What the exercise asks
Will you write out the data exactly, excluding every picture?

Input data
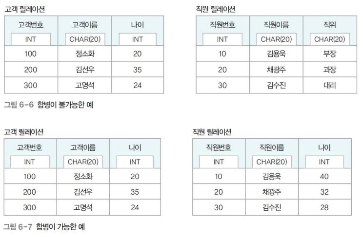 합집합, 교집합, 차집합은 피연산자인 두 릴레이션이 합병가능해야함.
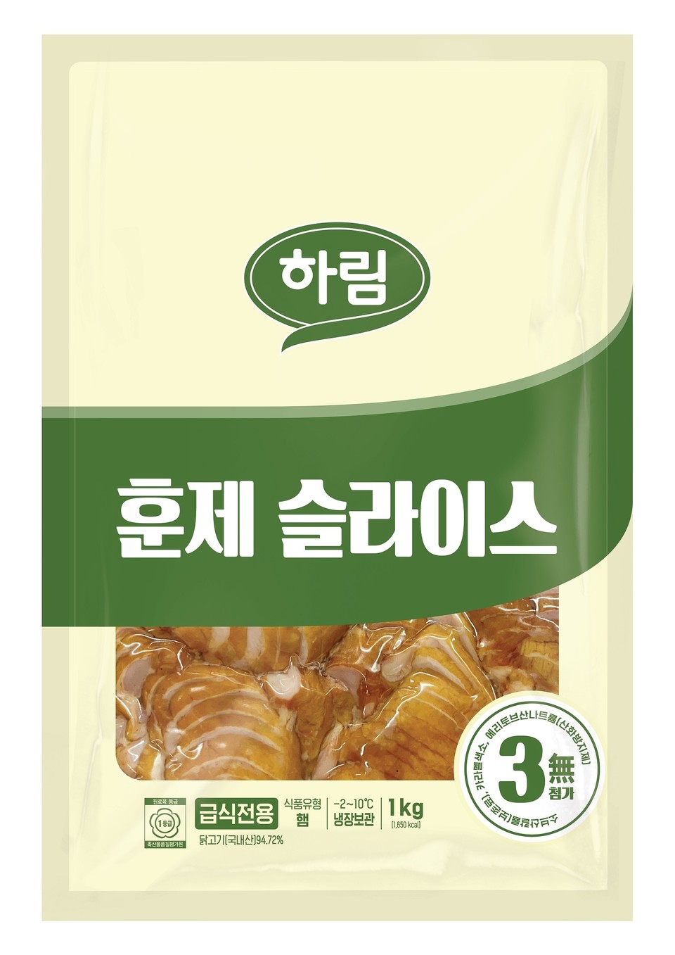 하림의 ‘훈제 슬라이스’는 국내산 100% 닭다리살을 참나무로 훈연해 깊은 풍미를 더하고 풍부한 육즙을 그대로 가뒀다. 닭다리살 특유의 부드럽고 쫄깃한 식감을 살리고 기름기는 쫙 빼 담백한 맛이 특징이다. 샐러드나 볶음 등 학생들이 좋아하는 다양한 급식 메뉴에 폭넓게 활용될 것으로 기대된다.
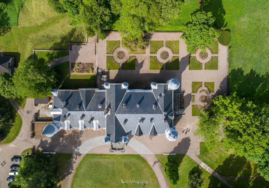 El resultado fue un edificio de estilo neogótico escocés, con fachadas blancas, torres angulares y techos escalonados que recuerdan a los castillos de las Highlands. El castillo se convirtió en el centro de una gran finca agrícola que llegó a incluir más de cincuenta edificios auxiliares.
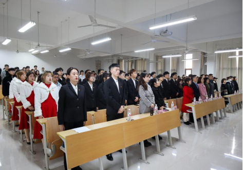 会议第二阶段,新一届团总支、学生会成立大会正式开始,所有参会人员全体起立唱国歌,气势磅礴的国歌声响彻整个会场。
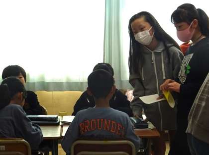 6年生による折り鶴教室の様子です。
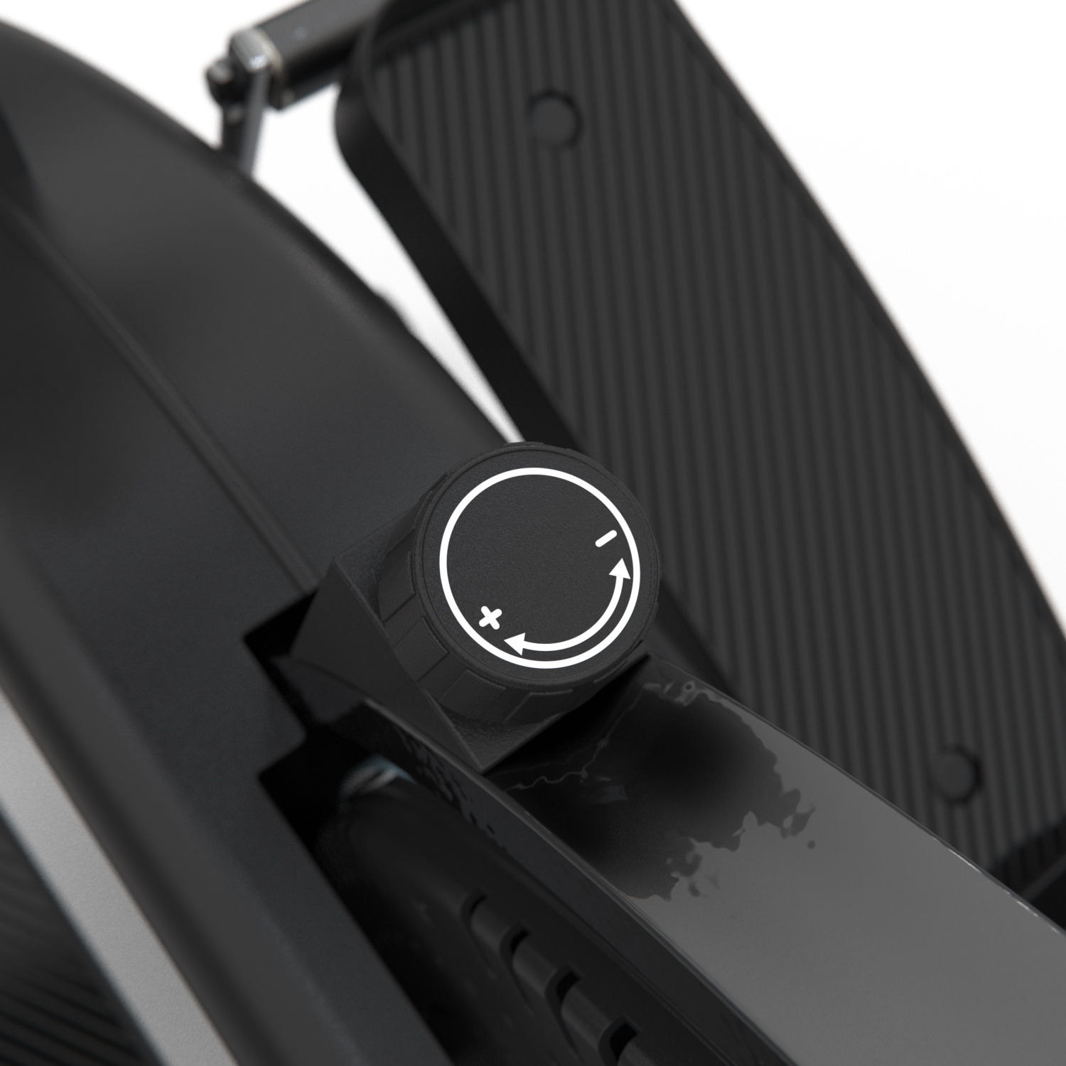 Тренажер имеет ременную систему нагружения с ручной регулировкой с помощью рукоятки на корпусе тренажера - чем сильнее затянут ремень, тем тяжелее крутить педали.

Answer to this exercise
 합집합, 교집합, 차집합은 피연산자인 두 릴레이션이 합병가능해야함.
 하림의 ‘훈제 슬라이스’는 국내산 100% 닭다리살을 참나무로 훈연해 깊은 풍미를 더하고 풍부한 육즙을 그대로 가뒀다. 닭다리살 특유의 부드럽고 쫄깃한 식감을 살리고 기름기는 쫙 빼 담백한 맛이 특징이다. 샐러드나 볶음 등 학생들이 좋아하는 다양한 급식 메뉴에 폭넓게 활용될 것으로 기대된다.
 El resultado fue un edificio de estilo neogótico escocés, con fachadas blancas, torres angulares y techos escalonados que recuerdan a los castillos de las Highlands. El castillo se convirtió en el centro de una gran finca agrícola que llegó a incluir más de cincuenta edificios auxiliares.
 会议第二阶段,新一届团总支、学生会成立大会正式开始,所有参会人员全体起立唱国歌,气势磅礴的国歌声响彻整个会场。
 6年生による折り鶴教室の様子です。
 Тренажер имеет ременную систему нагружения с ручной регулировкой с помощью рукоятки на корпусе тренажера - чем сильнее затянут ремень, тем тяжелее крутить педали.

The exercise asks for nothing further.